Needless to say, the ‘bad actor’ clause is yet another major blow to PokerStars, which grew into the world’s biggest online poker room after PartyPoker withdrew from the US market in 2006. PokerStars may have amassed the market share shed by PartyPoker after its exit, but now PartyPoker has been accepted back into the USA’s regulated igaming market, while PokerStars may have to wait several years before it is even accepted for consideration. In Nevada, for example, ‘bad actor’ have been slapped with a ten year state  exclusion.

Bill argues poker is a game of skill

In the past, New York courts have upheld poker to be a game of skill when players compete against each other rather than the house, and another interesting aspect of New York’s online poker bill is that it further highlights the skill element of the game and therefore that it should “not fall under the definition of gambling.”

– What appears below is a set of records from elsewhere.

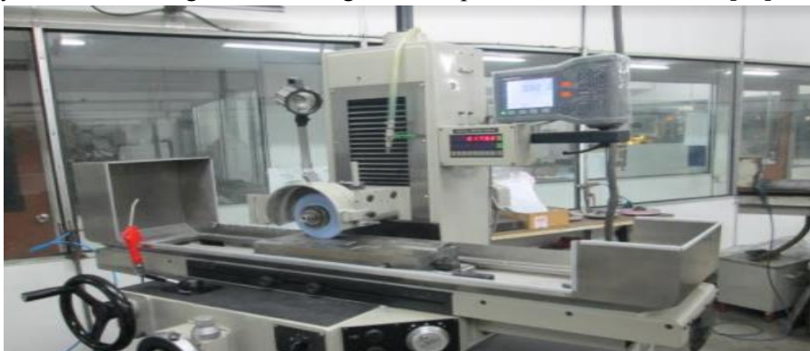
Figure 1. Illustration of whole grinding machine set-up.

The conventional mechanism of applying the coolant is known as flood coolant system, where a large quantity of coolant continuously impinges on the rake face of the tool [28]. The conventional flood delivery method is as shown in Figure 2. This mechanism has several drawbacks such as high cost, high pumping power requirement, and limited practical usefulness. Due to the large fluid delivery, an extensive amount of hazardous mist is generated during grinding process which contributes to health and environmental hazards. However total elimination of this conventional coolant delivery is not recommended because for high depth machining it would shorten the tool life [16]. Another drawback that is associated with conventional flood coolant mechanism is that the hefty amount of fluid would bound its way to the machining surface owing to the chips and swarf obstruction [59].
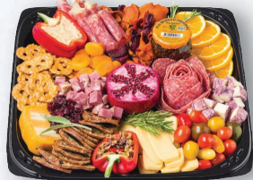
Harvest Tray Rectangle serves 15-20
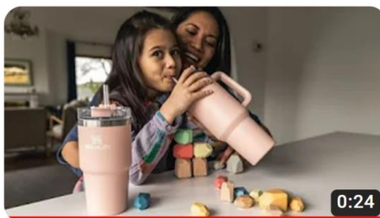
7 8 9 10 11 12 13 The Stanley Adventure Quencher: ⋮ 14 Now in 4 sizes 15 98K views • 1 year ago

1 27. PMI markets its products as safe, fashionable choices for conscientious 2 consumers, especially those leading young families. PMI’s 3 advertisements feature cups in various colors popular with women. Its 4 ads often show the cups being used by young women exercising or 5 interacting with children. 22 One PMI advertisement on YouTube shows a 6 child drinking from a Stanley cup alongside her mother. 23
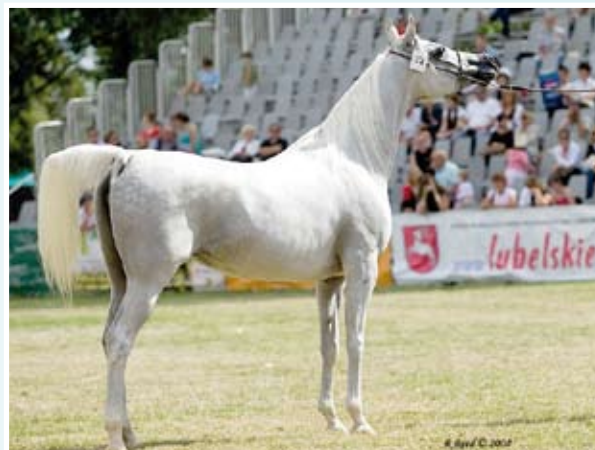
ELLISSARA (out of Ekscella), an ER grey mare bred by Michalow Stud Poland, sold at the 2008 "Pride of Poland" Sale for 240,000 Euro to Saudi Arabia.

to be extremely valuable broodmares, and at the annual Pride of Poland sales, Laheeb daughters have been in great demand and sold for very high prices. These include, among others, the Janow mare Siklawka [Siewka ex Eldon] who sold in 2007 to Qatar for 100,000 Euro,
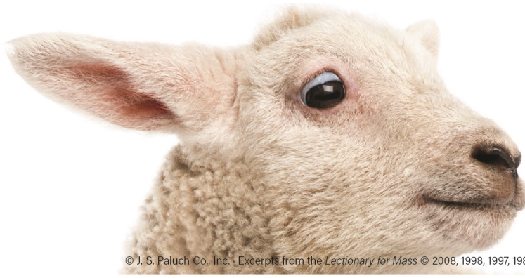
© J. S. Paluch Co., Inc. Excerpts from the Lectionary for Mass © 2008, 1998, 1997, 1986, 1970, CCD. All rights reserved.

John the Baptist saw Jesus coming toward him and said, "Behold, the Lamb of God, who takes away the sin of the world." JOHN 1:29
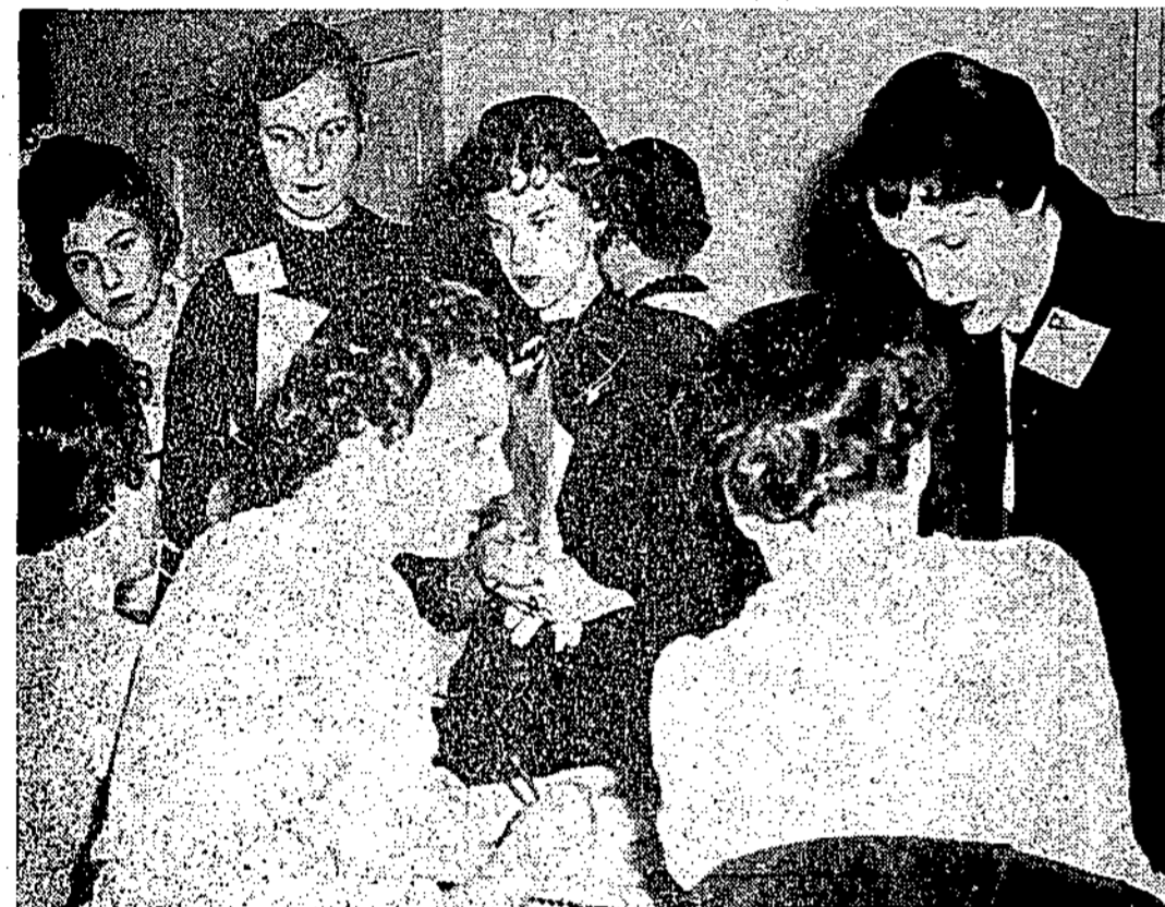
The Hetic Registration—The college girls registered the high school seniors.
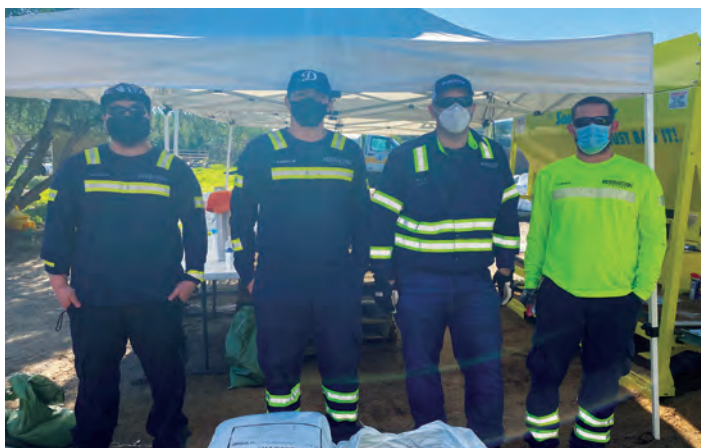
Resolution Copper employees support Gila County's flash flood response by filling sandbags.

In addition, Resolution Copper coordinated clean-up efforts with local contractors and provided essential geographic system information to the US Forest Service to carry out controlled back burns to protect the Oak Flat campground and Emory Oak groves.
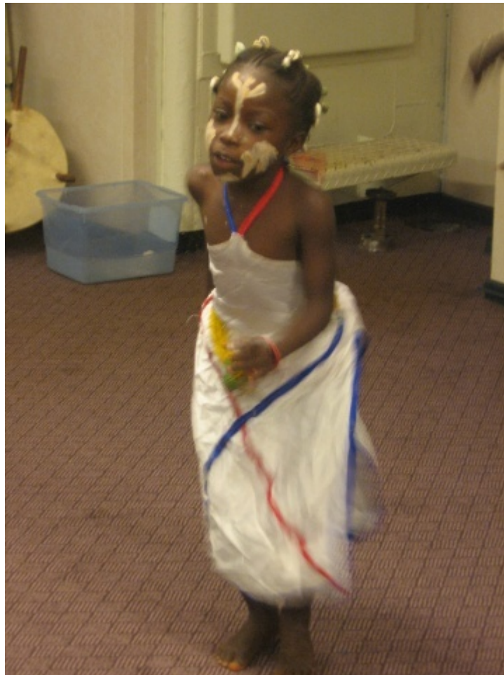
(Photo of a Liberian child doing a traditional Liberian dance most probably from the Kpelle, Gola, or Vai ethnic groups of Liberia. During the war UNICEF and DATI used culture to promote peace, disarmament, and demobilization of Liberia’s former combatants and child soldiers.)

soldiers through the UNICEF/DATI Kukatonon Conflict Resolution Project, the “Mardea” Radio Drama Series that advocated the cause of women empowerment and gender equity; as well as a public information campaign traveling theatre production entitled, “Wheh-gba” that was focused on HIV/AIDS prevention from 1992 up to my departure in 1997 when those whose “mas and pas Charles Taylor killed” decided to vote him in office.

What next for NY’s online poker bill

After being read twice, bill S6913 has found itself on the agenda of the Senate Committee on Racing, Gaming, and Wagering, which happens to be chaired by the bill’s sponsor Senator Bonacic. The bill will subsequently have to pass in both the Senate and Assembly, after which it needs to to be signed off by New York Governor Andrew Cuomo.

Gov. Andrew Cuomo recently successfully pushed for a sweeping expansion of New York state’s casino gambling industry, giving the go-ahead for four new casinos in New York to complement the existing five Oneida Indian Nation casinos and nine racinos. Furthermore, the agreement reached last May called for a profit sharing arrangement between the state and the Oneidas for the first time since Turning Stone became New York’s first land-based casino in 1993.

“The uncertainty and the acrimony was preventing economic development in Central New York, and we couldn’t allow it to go on any longer.. [the new deal] enshrines the shared vision we all have for the future of the region,” commented Gov. Andrew Cuomo.

Needless to say, Cuomo is a big proponent of gambling revenues and although he is a Democrat and the sponsor of New York’s new online gambling bill S6913, John Bonacic, is a Republican, Gov. Andrew Cuomo is unlikely to raise any major objections if the bill lands on his desk.